In each MRI study, Gadofluorine was injected intravenously at a dose of 0.05 – 0.075 mmol/kg one hour before each MRI scan. The MRI (at 3-T, Siemens Trio MRI System) protocol consisted of 20-slice T1w and T2w imaging using dark-blood turbo-spin-echo (DB-TSE) sequence, as well as a 20-slice 3D gradient-echo (GRE) imaging. The slice thickness was 2 mm and the true image resolution was 0.33 mm × 0.33 mm. The left carotid vessel wall and plaque images were segmented based on contrast enhancement patterns. Using the material parameters obtained from mechanical testing, the 3D FSI computational model that was validated in an in vitro study was applied to data from two pigs to calculate various structure stress and strain distribution, including maximal fluid shear stress, within the plaques at different time points.

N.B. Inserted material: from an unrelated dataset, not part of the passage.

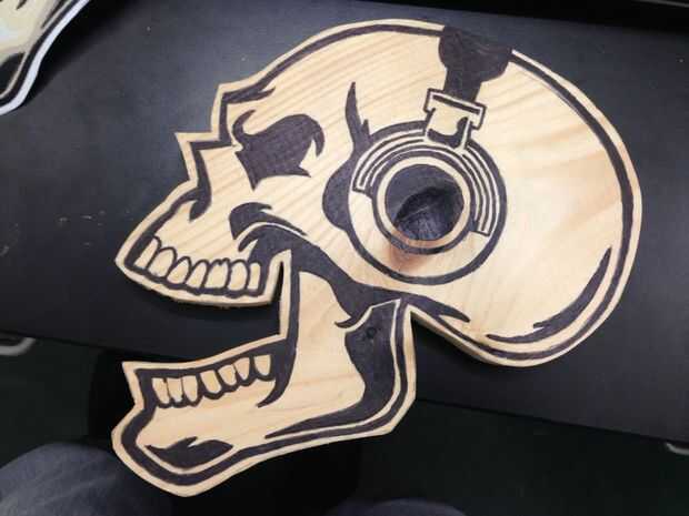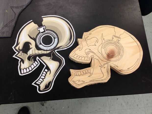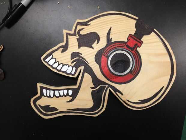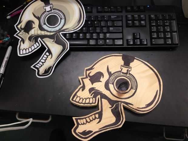 El primer paso es imprimir la imagen en el tamaño que desee su cráneo para ser. He incluido el archivo de imagen. Una vez que lo hace cortar el cráneo a lo largo del contorno de imágenes. Coloque el corte sobre la madera que va a utilizar y el rastro. He utilizado 3/4 pino porque eso es lo que tenemos una abundancia de la tienda, además de suave y fácil de arena y pintura. Luego recortar su contorno utilizando la Sierra de su opción, usé una sierra de banda. Arena que ha cortado y los bordes ligeramente con lija 220 o superior.

(1) Gadofluorine enhancement of plaque, which has been associated with extracellular matrix, was increased by 60–100% compared with non-enhanced plaque areas. The use of three-contrast images helped to define the plaque components: 3D GRE images clearly delineated the out-boundary of the vessel wall and DB-TSE images unambiguously defined the inner-boundary and contrast enhanced plaque areas (Figure 1). Progression and regression of these components could be readily demonstrated.

Different MRI contrasts to identify proliferative intima (hyperintensity, T2w) media (hypointensity, T2w) and lumen (hyperintensity GRE). The pathology shows corresponding neotimal formulation.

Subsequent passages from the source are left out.